2 Materials and methods

2.1 Materials

The wastewater in this study was obtained from an industrial GTL plant and consisted of 76%, 7%, 14% and 3% of short-chain alcohol, long-chain alcohol, volatile fatty acids and other hydrocarbons, respectively. These components were qualitatively identified using gas chromatography-mass spectrometry (GC-MS) and quantified using a HAC-UV spectrometer with COD reagents [11, 12]. Prior to using the wastewater in the experimental setup, it is pre-treated through aeration at room temperature to remove volatile organic components. This process continued until the concentration of the raw GTL wastewater remained constant at 4000 to 6000 mg/L COD. After aeration, the wastewater was diluted to a concentration of 1000 mg/L COD. The activated carbon was obtained from Zhejiang Xingda, China, in a fibrous form. Characteristics and the competency of this adsorbent were investigated in a previous batch study by Yousef et al. [41], where it was proven to be effective.

2.2 Experimental setup

An acrylic bench-scale column, measuring 34 cm in length and 2 cm in outside diameter (Fig. 1 (3)), was utilized for the continuous experiments. Activated carbon fiber (ACF) was selected as the adsorbent due to its superior performance, as demonstrated in a previous study [41]. The column was packed with specified amounts of ACF as detailed in Table 1. It was fitted with beads at the bottom and sealed with a plug at the top (Fig. 1 (3)). GTL wastewater was pumped upward through the column using a peristaltic pump (Fig. 1 (2)) fitted with silicon tubing, and samples were collected at the top of the column (Fig. 1 (4)).

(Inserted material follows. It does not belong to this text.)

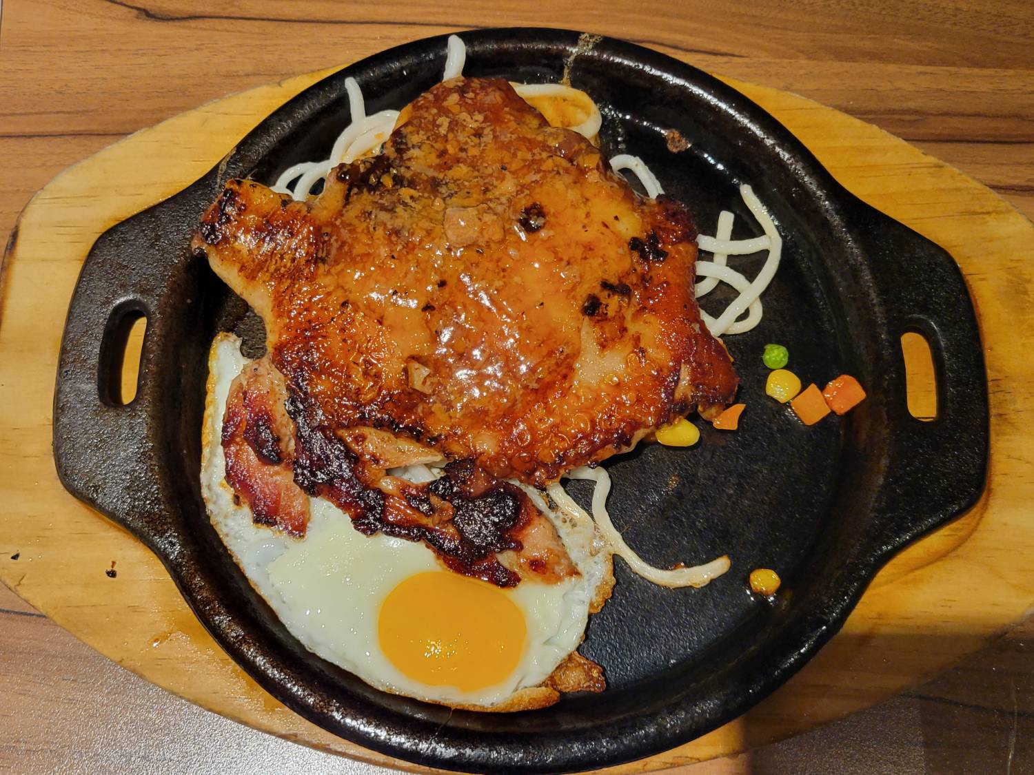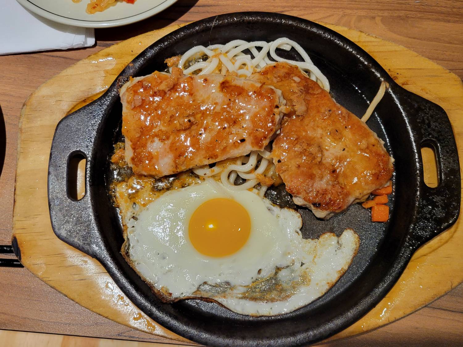 豬排厚實有咬勁,筋稍多。鐵板上尚有荷包蛋及些許鐵板

The concentration of the samples was measured using a HAC-UV spectrometer and COD reagents. All experiments were conducted in replicates, with an average error margin of ± 5%.

Fig. 1
figure 1

Illustration of the experimental setup: (1) Feed Tank, (2) Pump, (3) Column and (4) collection Tank

To portray the output of the experiments, a breakthrough curve was constructed. In dynamic conditions, breakthrough curves are used to understand the interactions between wastewater contaminants and the adsorbent in place [43]. This curve is valuable in determining the lifetime of the column and is widely used for column characterization. The shape of the curve depends on feed flow rate, adsorbent height, column diameter and adsorbent characteristics [19, 44]. The curve in this research consists of a normalized concentration on the y-axis plotted against time on the x-axis.

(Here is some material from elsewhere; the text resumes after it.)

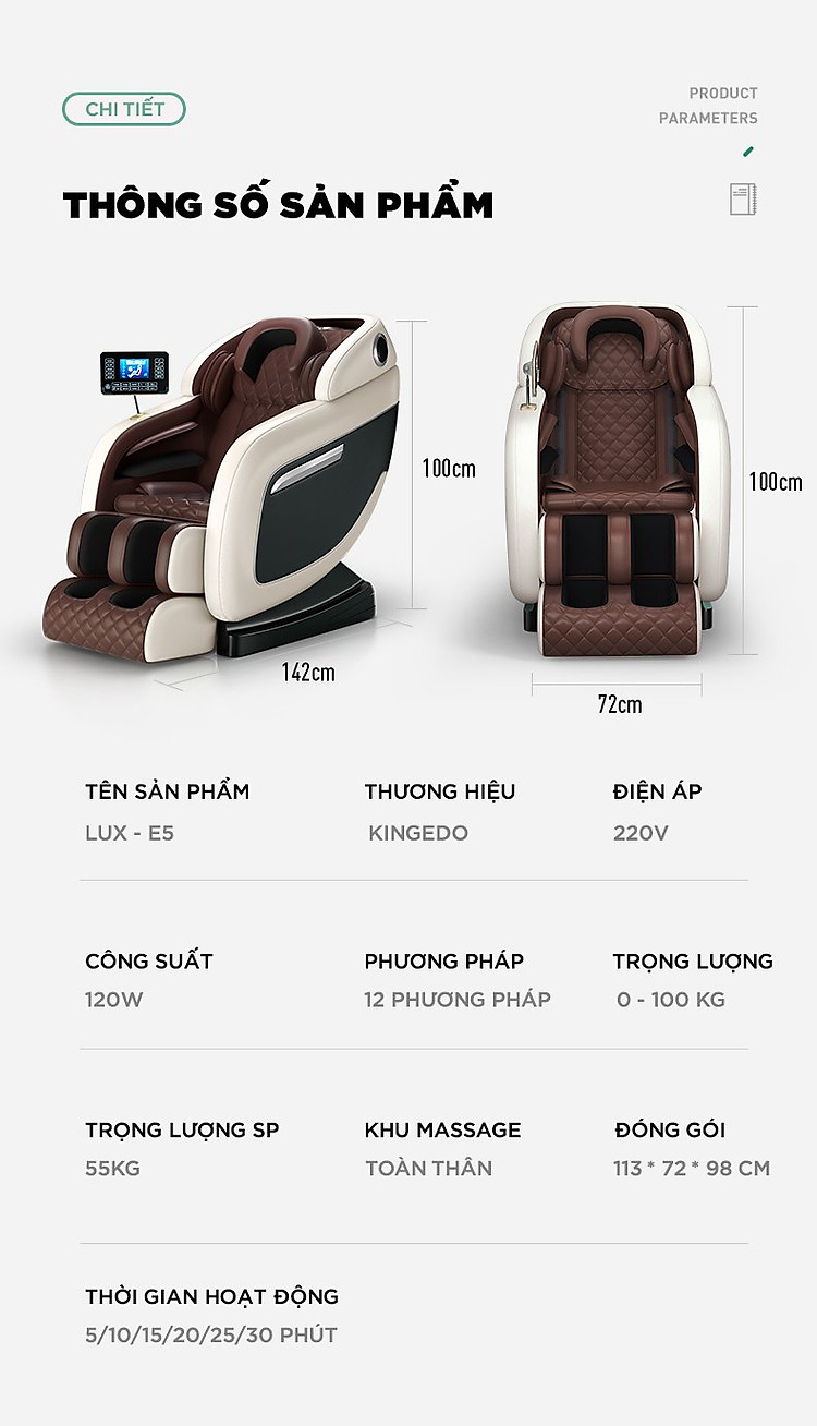 Thông Tin Ghế Massage Toàn Thân 3D KINGEDO LUX-E5:

The conditions in this study were fixed except for packing mass and inlet flow rate. These parameters were varied as shown in Table 1 to study their effect on the column performance. The chosen packing mass and flow rate were determined by the constraints of the experimental setup. Specifically, flow rates below 5 mL/min resulted in obstruction, while flow rates above 10 mL/min caused non-uniform flow within the column, with some areas remaining empty and others experiencing flow. This variability in flow distribution limited the range of operable flow rates. Regarding the packing mass, 5 g was chosen based on a previous study conducted by El-Naas et al. [19], while the upper limit was determined by the maximum capacity that the experimental apparatus could hold.

Table 1 Varied continuous conditions at inlet concentration of 1000 mg COD/L

2.3 Packed-bed models

To study the reliability of the available empirical approaches and the validity of the simulation approach, this study compared experimental output with modeling output for the experiments with packing mass of 5 g and a flow rate of 5 mL/min. For empirical modeling, Yoon-Nelson [45], El-Naas et al. [19], Thomas [46] and Adam-Bohart [47] formulas were used.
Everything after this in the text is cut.